The whole agonizing time in the car I was hoping, praying Neil was already home from work. I needed to tell someone about my surreal day and get sympathy from someone other than HR Darren. Then I could feel the panic rising because, with the wedding coming up, our costs had been exploding. Neil is going to freak out, I thought.

I took a deep breath to calm myself. Neil and I have been together for forever, and we’re getting married; so whatever else happens today, I know we’re solid.


“OR I THOUGHT we were solid,” I say to Jordan, the words tasting as bitter and sour in my mouth as the salt on my margarita glass.

Jordan kept nodding, asking few questions as I recounted the horrible details of being fired. Somehow in between we managed to order another round of drinks, but we haven’t opened our menus yet. Despite this being my “treat” meal of the week, I’m not very hungry.

“Have you talked to Kate yet?” Jordan asks.

“No. I thought I would see her here tonight.”

“And she’s not here,” says Jordan, stating the obvious.

“Nope.”

“That’s kinda shitty.” Jordan shakes her head disapprovingly. I know she’s not the biggest fan of Kate, but I also know that if pressed she’d diplomatically say, “I don’t dislike her.”

I shrug. “She’s sick. I’ll call her tomorrow.”

Jordan harrumphs. “So how did Neil react to the news?”

“I didn’t tell him.”

“You didn’t tell him?” She’s looking at me obviously confused.

“Well, he didn’t really give me the chance during his breakup speech.” I shrug helplessly and then tap my glass. “This is my second drink, so here goes.”

I recount last night’s events, from Neil’s total obliviousness to my I’ve-been-fired boxes to his rapid-fire confession and even hastier escape out the door.

“But what makes his betrayal even worse is that he’s in love with—” The tears are pricking at my eyes again, so I look up at the ceiling and say, “Stacey. He’s in love with Stacey.”

“Stacey? Maid of honor, Stacey?”

“Yes,” I squeak.

I tear my eyes from the ceiling to see Jordan’s reaction. She looks frozen with her back ramrod straight, eyes wide in shock, and right hand gripping her glass.
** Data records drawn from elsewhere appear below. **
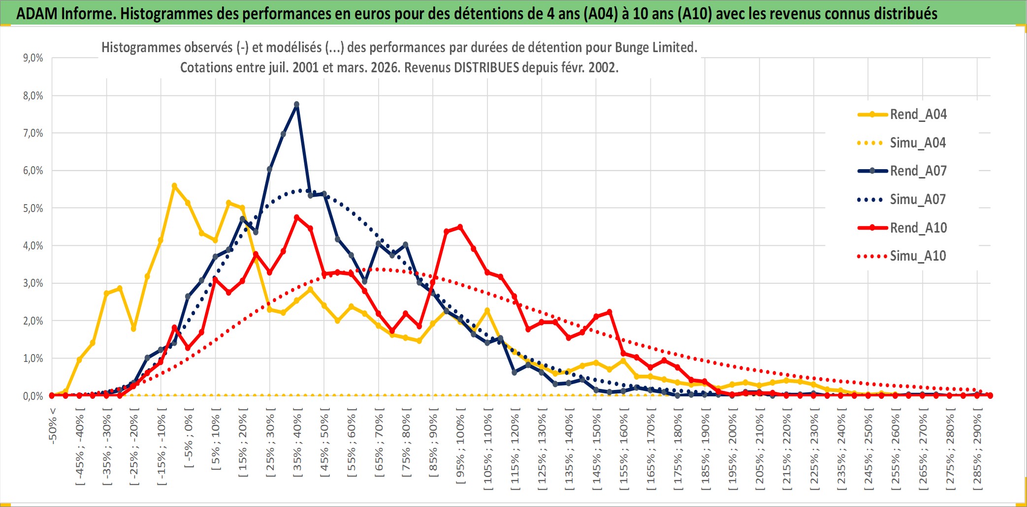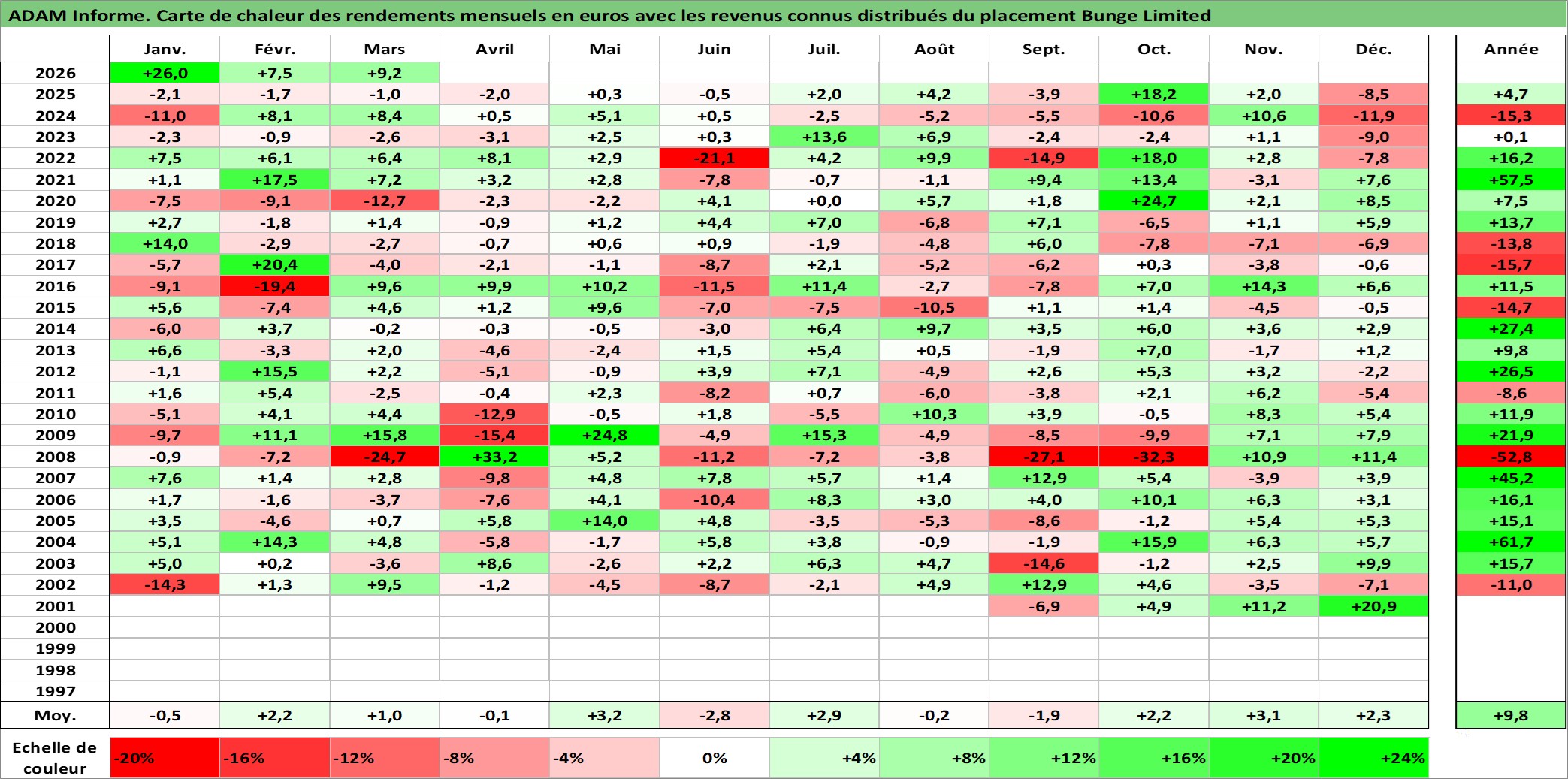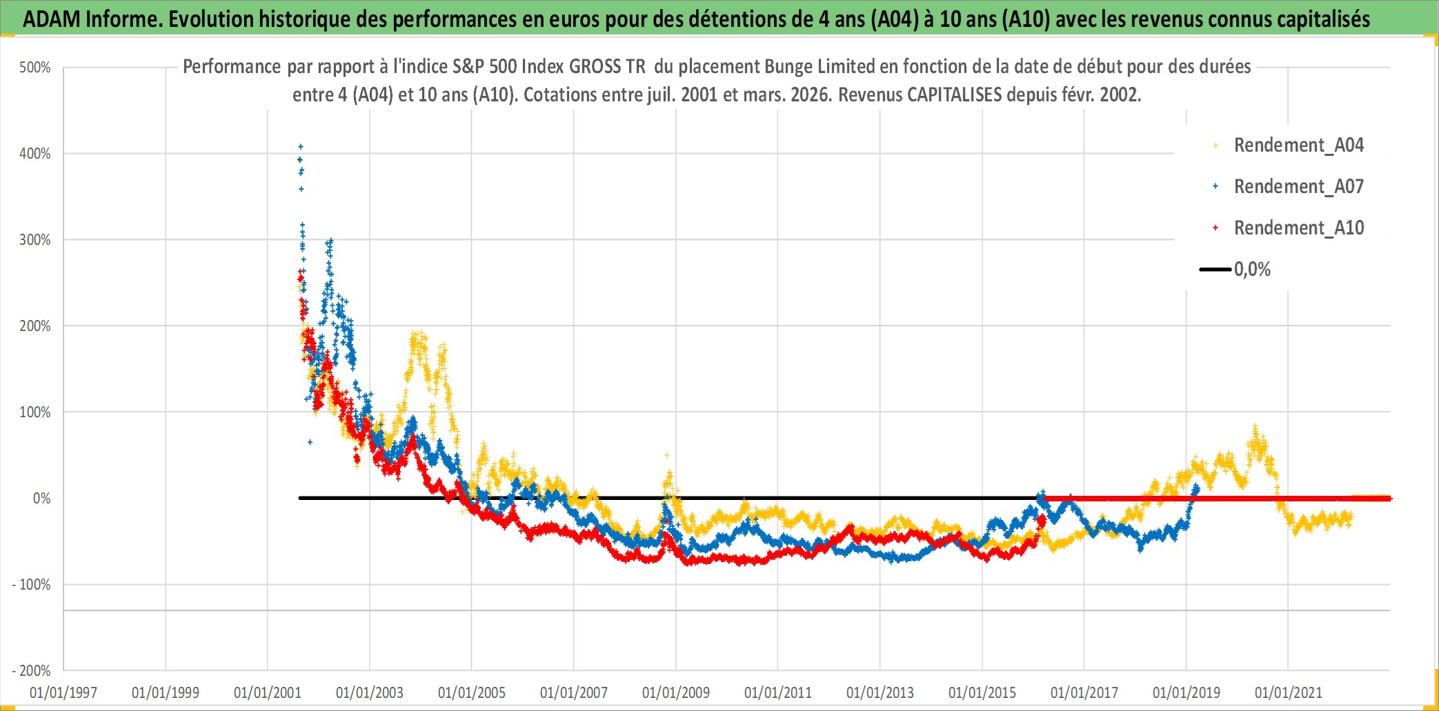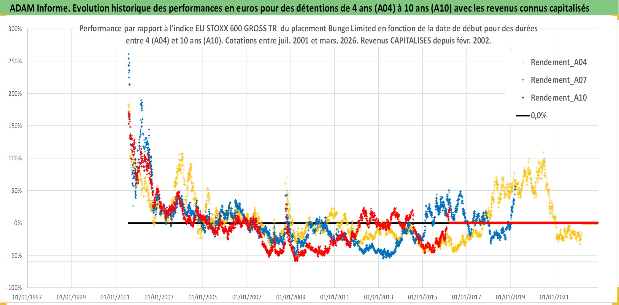 Site dédié aux investisseursPage dédiée sur site financeAnalyse des valorisations hebdomadaires de l'action Bunge Limited. Cet actif est cote en USD. Les valorisations sont en contrevaleur EURO et couvrent les semaines 2001W31 a 2026W13. Les revenus de cet actif financier sont pris en compte depuis la semaine 2002W06. La note globale ESG de cet actif est estimee a 4.0 (apres rebasage entre 0 et 20).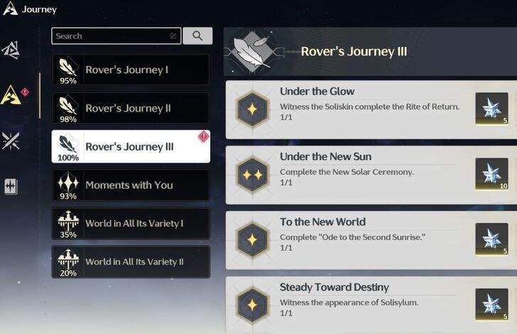 Missing an achievement Journey > Rover's Journey III > Under the Glow Missing an achievement Journey > Rover's Journey III > Under the New Sun Missing an achievement Journey > Rover's Journey III > To the New World Missing an achievement Journey > Rover's Journey III > Steady Toward Destiny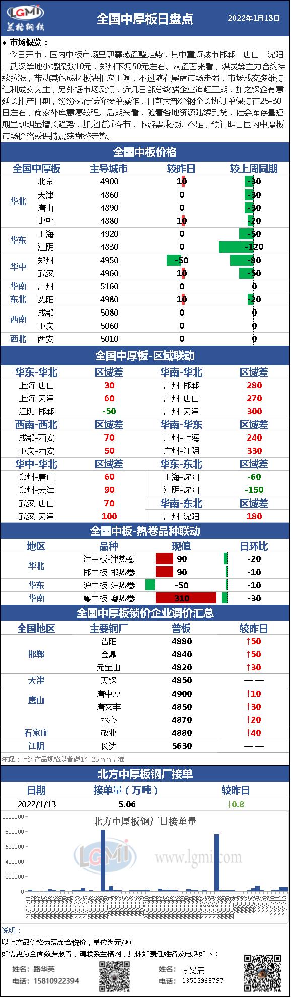 - 1月13日国内中厚板钢厂调价汇总2022/1/13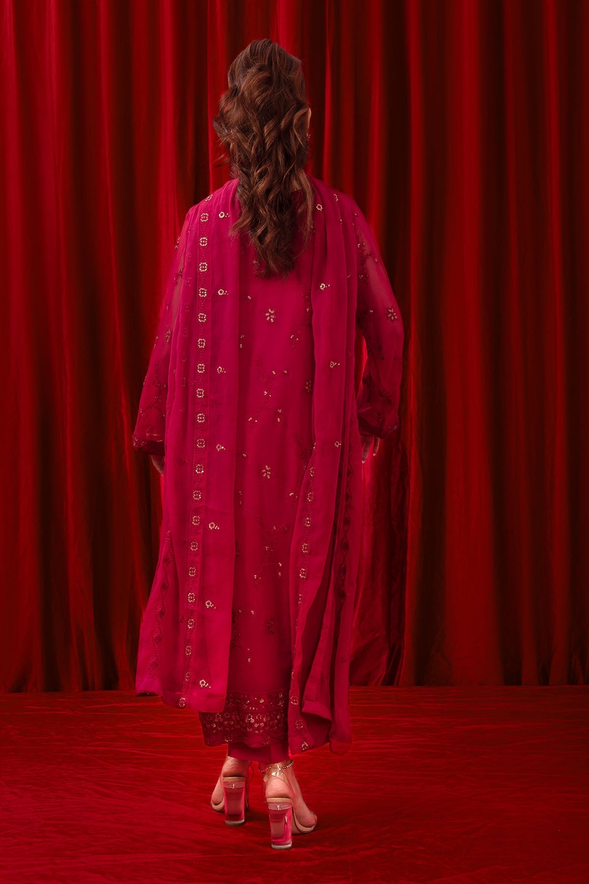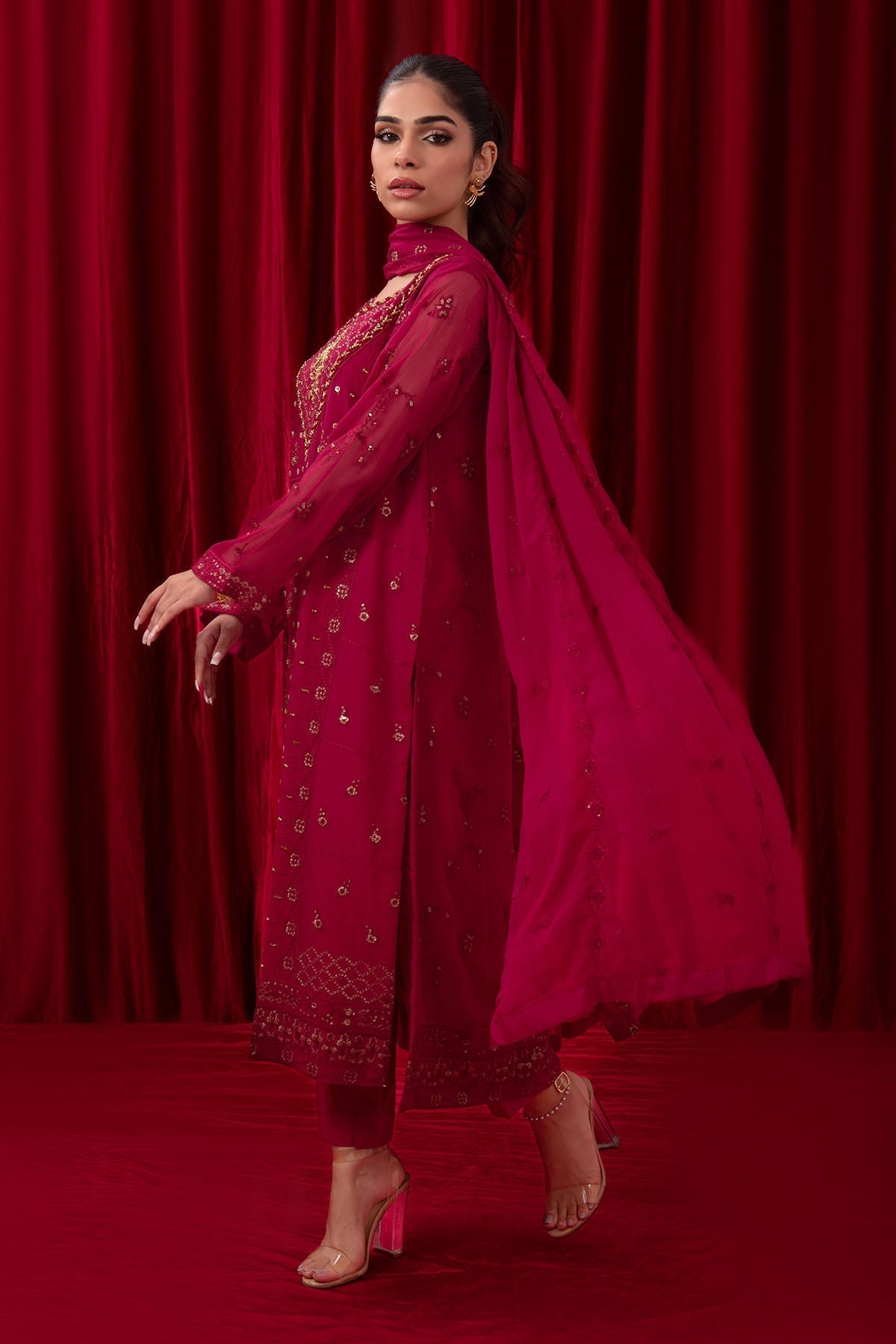 Dupatta: Magenta Pink Chiffon Dupatta with Embroidery"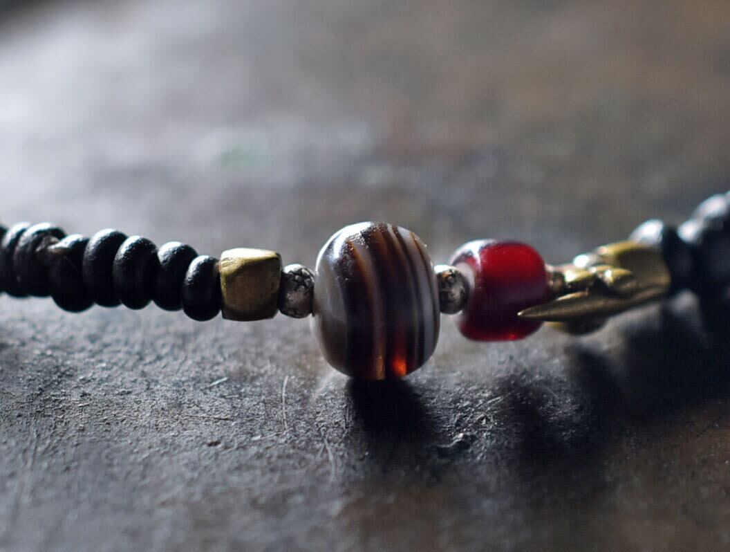 古代瑪瑙と血赤ホワイトハーツ、オリッサブラス、漆黒ビーズの華奢なブレス
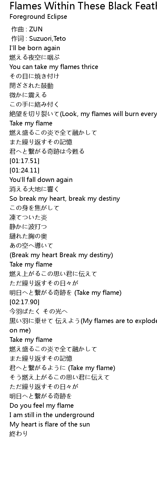| [02:35.24] | 黒い羽に乗せて 伝えよう(My flames are to explode Just count on me) |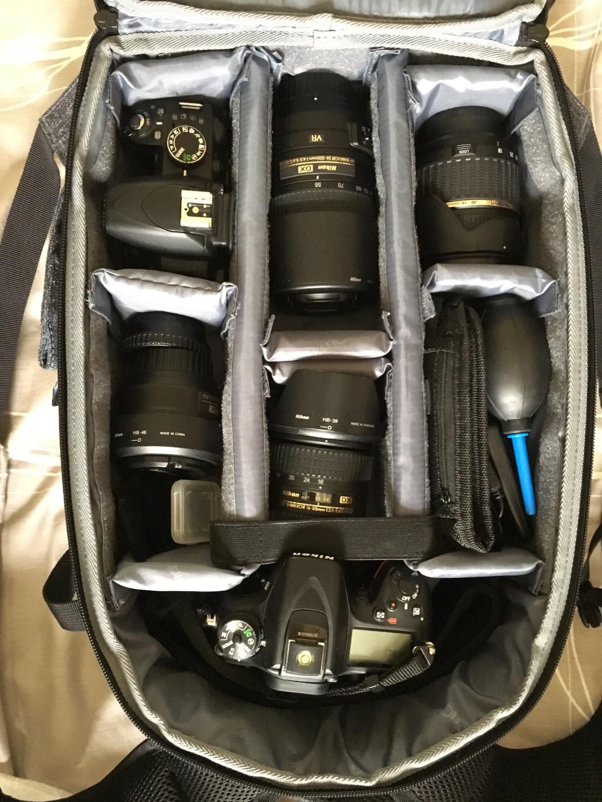 Uitstekende tas. Voldoet aan de aankondiging. Het deel dat in contact komt met de rug is dik, comfortabel en ademend. De riemen ook, goede vulling. Mogelijkheid om het fotogedeelte te rangschikken dankzij de klittenbanden. Voldoende ruimte voor een camerabody, drie of vier lenzen (afhankelijk van de grootte), een afstandsbediening, meerdere batterijen, meerdere filters, een oplader, enkele accessoires aan de zijkant, zeer praktisch. Talrijke opbergvakken Kortom: een stevige, compacte, comfortabele tas.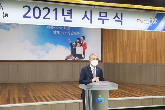 경남도교육청은 4일 오전 본청 강당에서 2021년 시무식을 갖고, 경남교육 대전환에 앞장설 것을 다짐했다.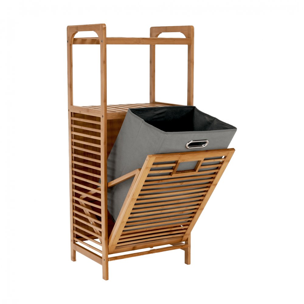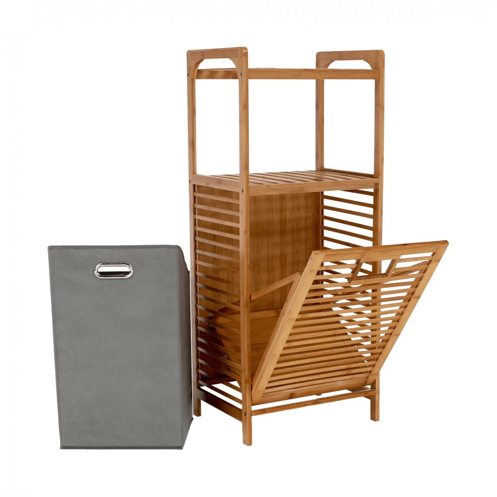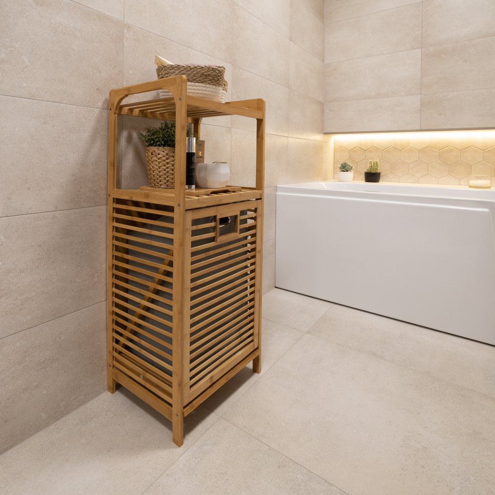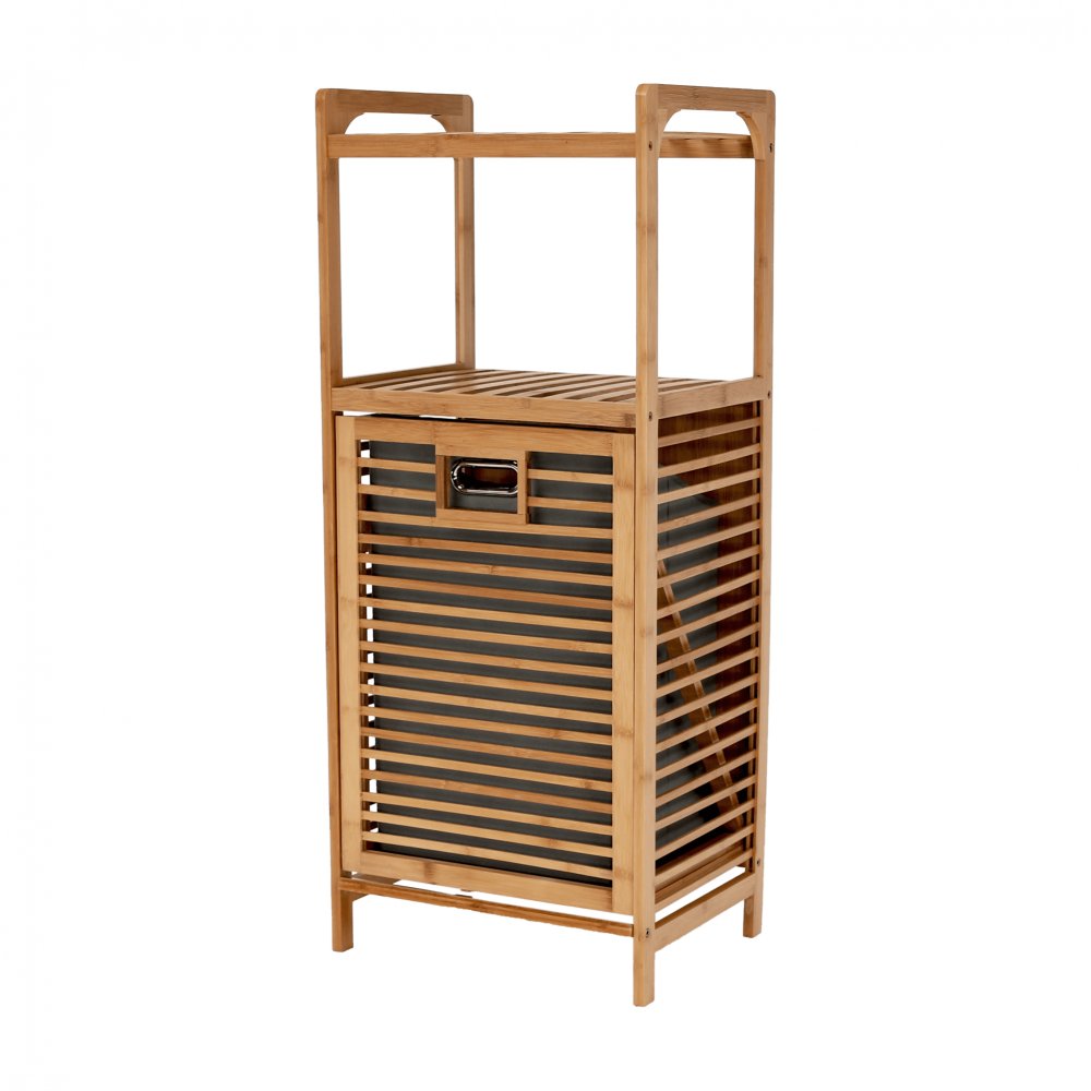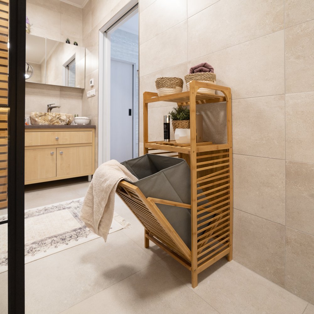 KONDELA Kôš na bielizeň, prírodný bambus/sivá, KERI NEW

Her posture melts as she takes a few seconds to process my news; then she releases her death grip on her glass, reaches for my hand again, and says, “Oh, honey. We’re going to need another round.”

 

 

Sitting at my kitchen table Sunday morning, I drink coffee to soothe my dull headache while clicking through job listing websites. Nothing jumps out at me, but I try not to let it worry me too much since I’ve only just started my search.

What is worrying me is that I can’t shake the look of Jordan’s horrified face out of my mind. Last night, I’d been hoping for a sign from her that everything would be okay, but I didn’t get one. While she said things like, You’re better off without Neil and You’re worth twenty Staceys and You’ll get a better job, at times her facial expression failed to match her soothing words, which means I’m more of a mess than I thought. I even turned down a last round of drinks with the excuse that I didn’t want to wake up hungover because I needed to finish my resume and start my job hunt in earnest. I know I’m in denial, but for now I just want to focus on moving forward and not “feeling” my feelings—and I was afraid that too many drinks might force me to do just that.